Conflict, he said, “is a risk, but it’s also an opportunity.” Citing the parable of the Levite and the priest who walked past the man who had stumbled along the path, the Pope said, they took the “path of not seeing and not getting involved.”

“We can react to conflict as something from which we distance ourselves,” he observed.  But, “whoever doesn’t take risks, can never get close to reality.  To know reality, to know it in one’s heart, it’s necessary to get close.”  Taking  the example of prison ministry, the Pope added that getting close is “a risk, but it’s also an opportunity: for me, and for the person whom I approach.  For me, and for the community I approach.”

“Never, never, never, turn away in order not to see conflict,” stressed the Pope.  “Conflict has to be faced, evils have to be faced, in order to resolve them.”

Pope Francis then challenged those present to do some homework: “look at the faces of people when you go into the street – they are worried, everyone is closed in on themselves; they lack a smile.  In other words, they lack tenderness, social friendship… they lack social friendship.”

A lack of “social friendship” brings hatred and war

“Where there isn’t social friendship,” he said, “there’s always hatred and war.

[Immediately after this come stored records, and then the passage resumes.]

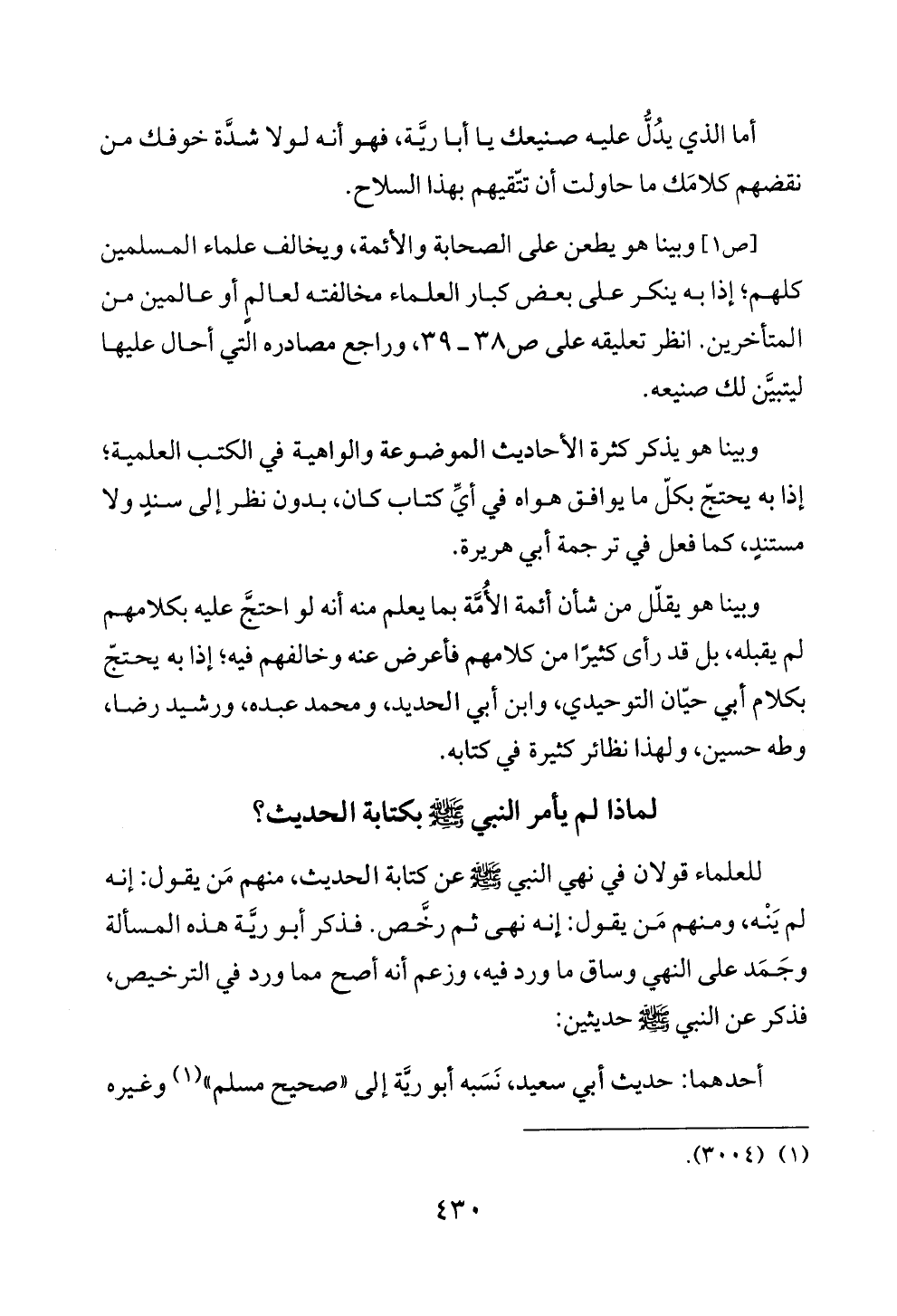 للعلماء قولان في نهي النبي - صلى الله عليه وسلم - عن كتابة الحديث، منهم مَن يقول: إنه لم يَنْه، ومنهم مَن يقول: إنه نهى ثم رخَّص. فذكر أبو ريَّة هذه المسألة وجَمَد على النهي وساق ما ورد فيه، وزعم أنه أصح مما ورد في الترخيص، فذكر عن النبي - صلى الله عليه وسلم - حديثين:
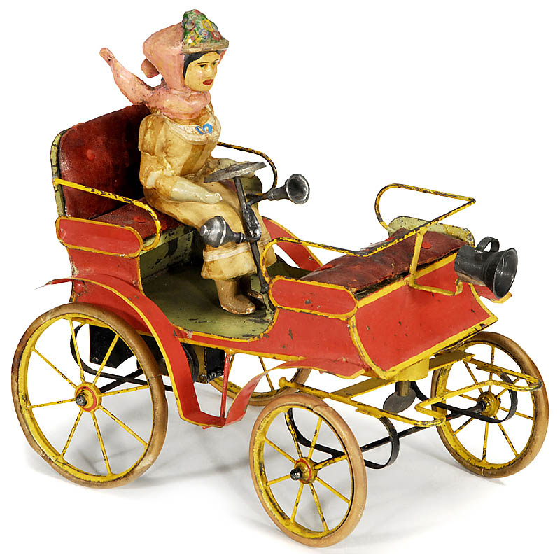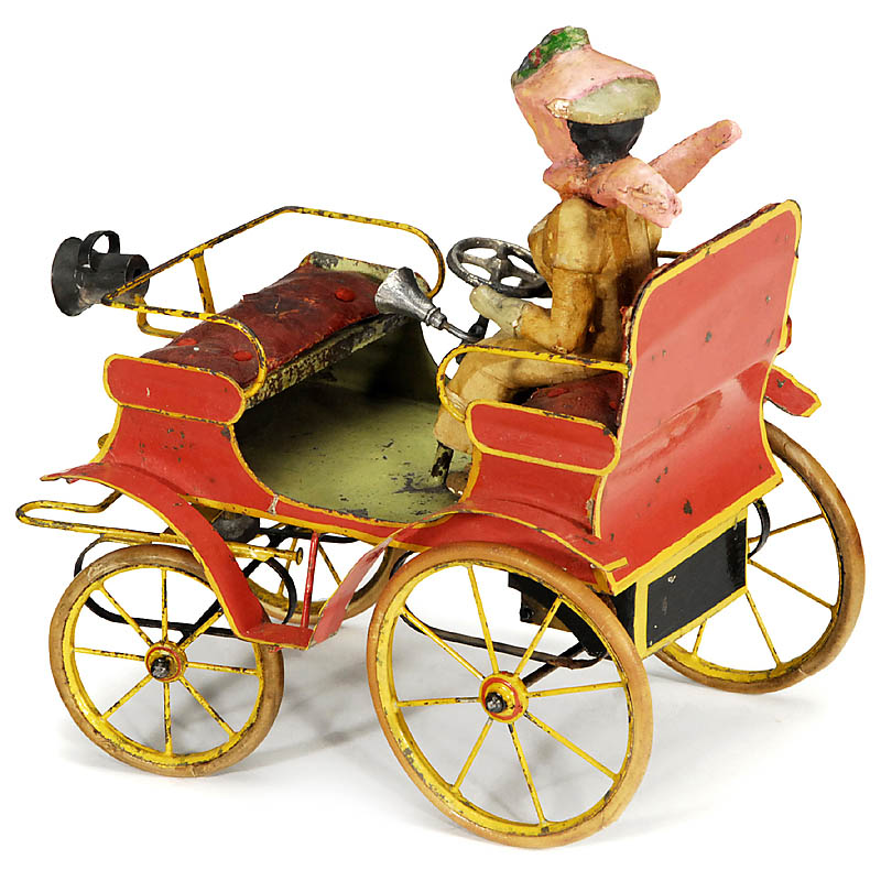 Hand-painted tin toy car, with clockwork motor (working), steerable front axle, cast-metal headlamp, horn and steering wheel, upholstered leather seats, rubber tyres, driver figure added, 9 ½ in. length. Original condition.
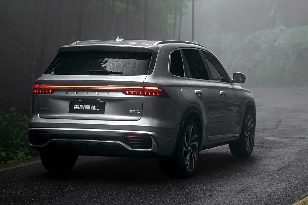 Одновременно заметными элементами экстерьера Джили Манжеро являются сдвоенные горизонтали ходовых и габаритных огней. Линзованные LED-фары китайского джипа получили систему интеллектуального управления светом. В передний бампер Monjaro встроены противотуманные фары.
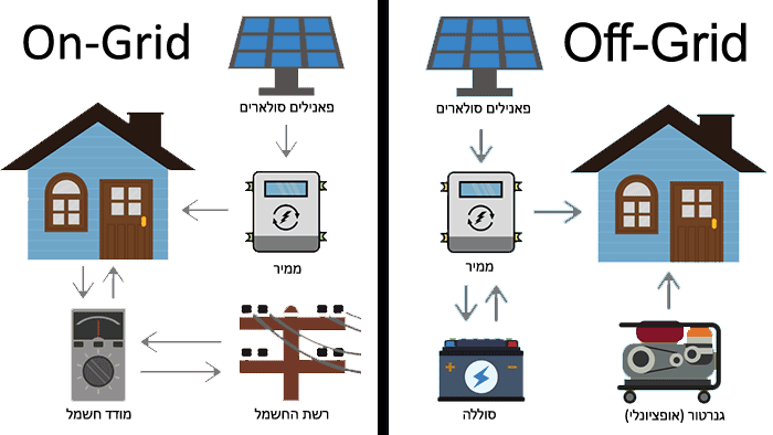 מערכת אנרגיה סולארית מחוץ לרשת (off-grid) אינה מחוברת לרשת חברת החשמל, ואילו מערכת אנרגיה סולארית (on-grid) מחוברת לרשת חברת החשמל. הבחירה שלך במערכת מחוץ לרשת או במערכת ברשת תקבע את הגישה שלך לחשמל, איזה ציוד נדרש לייצור עודף, מה קורה כשהרשת יורדת וכיצד תחויב בגין חשמל.
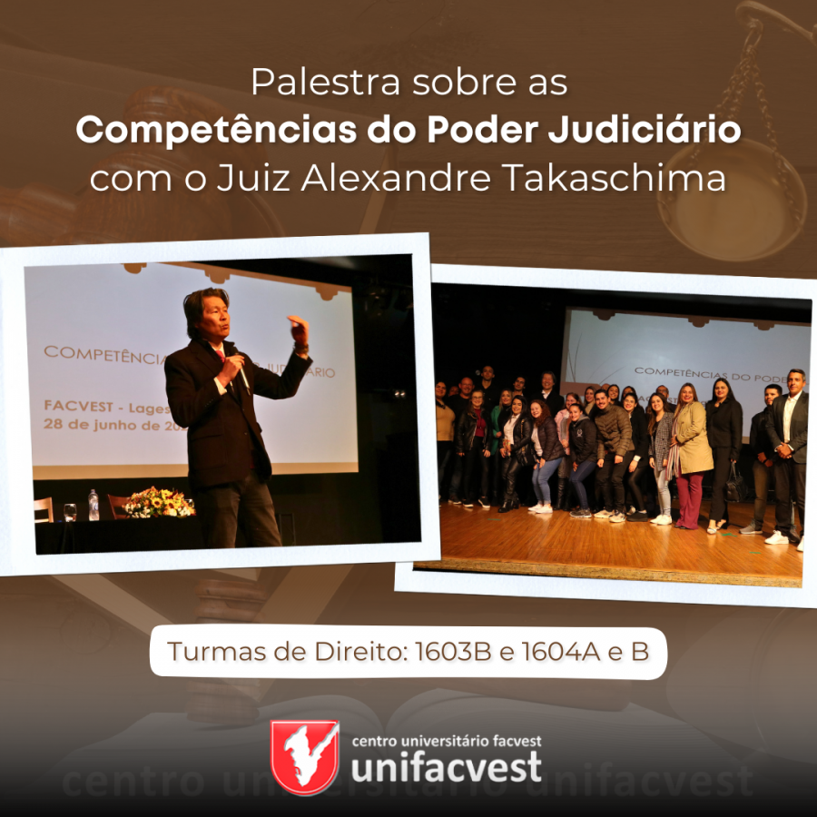 A palestra do Juiz Alexandre Takaschima confirma que a Unifacvest integra os seus acadêmicos ao cenário profissional. Atividades como esta, infraestrutura moderna e os melhores professores garantem a oferta do melhor Curso de Direito de Lages na avaliação do MEC.

We are living a piecemeal Third World War, everywhere.  Look at the geographic map of the world, and you’ll see.”

“Social friendship has to do with forgiveness,” he added.  “Many times, that’s done by getting close:  I approach this problem, this conflict, this difficulty, as we heard is done by these great young people in the places where there’s gambling, and so many people there lose everything, everything, everything…”

He mentioned the work of those who minister to people affected by gambling and remembered his own pastoral work in Buenos Aires where he “saw elderly people who went  to the bank to get their pensions and then headed immediately for the casino.”

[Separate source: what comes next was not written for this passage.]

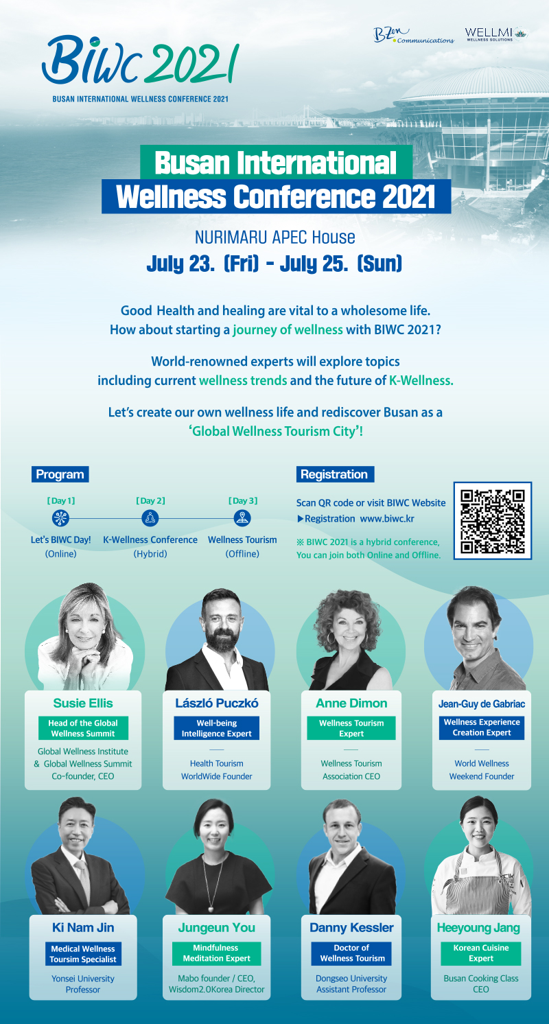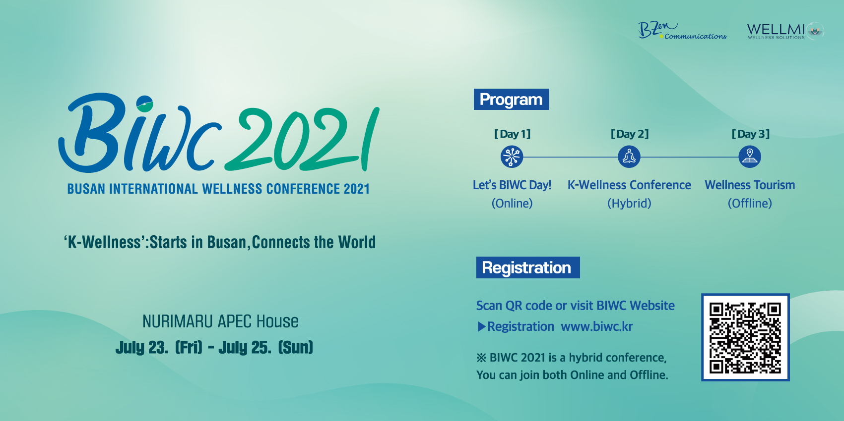 Under the theme [‘K-Wellness’: Starts in Busan, Connects the World], BIWC2021 takes place as a hybrid event from July 23(Fri)-25(Sun) both on and off-line at the Nurimaru APEC House and healing Busan tourist sites. BIWC 2021 has grown to include events such as the Let’s BIWC Day, Keynote speeches, K-wellness seminars, mini-wellness classes, industry networking, a talk concert, a wellness village and B-MICE wellness tours, right in the heart of Busan.
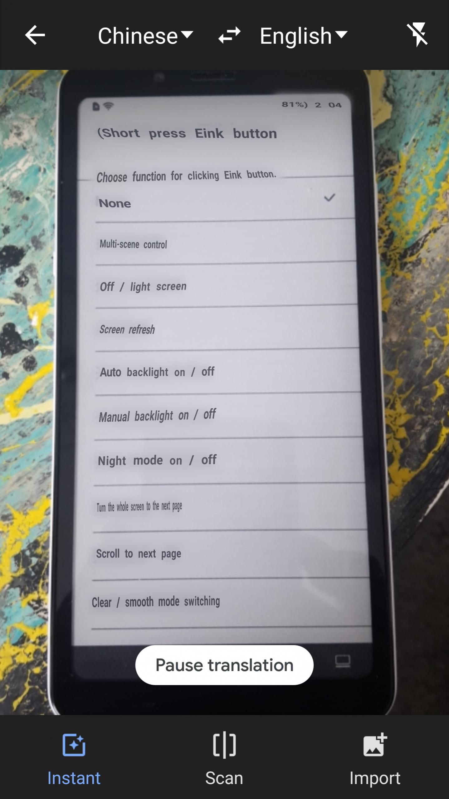 For reference, this is Google translating all the options for 'short press E ink button'.

Social friendship, he added, “has to do with gratuity [giving freely of oneself], and one has to learn the wisdom of gratuity, learn it with play…with sport, with art, with the joy of being together, with getting close.”

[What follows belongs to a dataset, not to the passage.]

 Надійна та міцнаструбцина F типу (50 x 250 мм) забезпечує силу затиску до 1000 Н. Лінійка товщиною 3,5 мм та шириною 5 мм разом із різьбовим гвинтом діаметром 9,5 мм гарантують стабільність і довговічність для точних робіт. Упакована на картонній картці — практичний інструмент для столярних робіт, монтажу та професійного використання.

Counter the god of money with gratuity, forgiveness

Today, “it seems that if you don’t pay you can’t live,” the Pope noted. “The man and woman that God created to be the center of the world…at the center of the economy,” “are thrown out and instead, we have at the center at the center a god, the god of money”

Gratuity, giving freely of oneself, and forgiveness are the antidotes to such a negative world – as is a constructive, rather than destructive, mindset.   And, “with forgiveness,” he said, “regret and resentment fall away.”

But how to achieve such a forest in the desert?  “Simply [by possessing] the awareness that we all have something in common, we’re all human,” concluded Pope Francis.  “And in this humanity, we can get close to each other to work together” regardless of our background or religion the Pope affirmed.

“Let’s all go forward to work together, respecting each other, respecting!” he added.  “I see this miracle: the miracle of a desert that becomes a forest.  Thanks for everything you do!”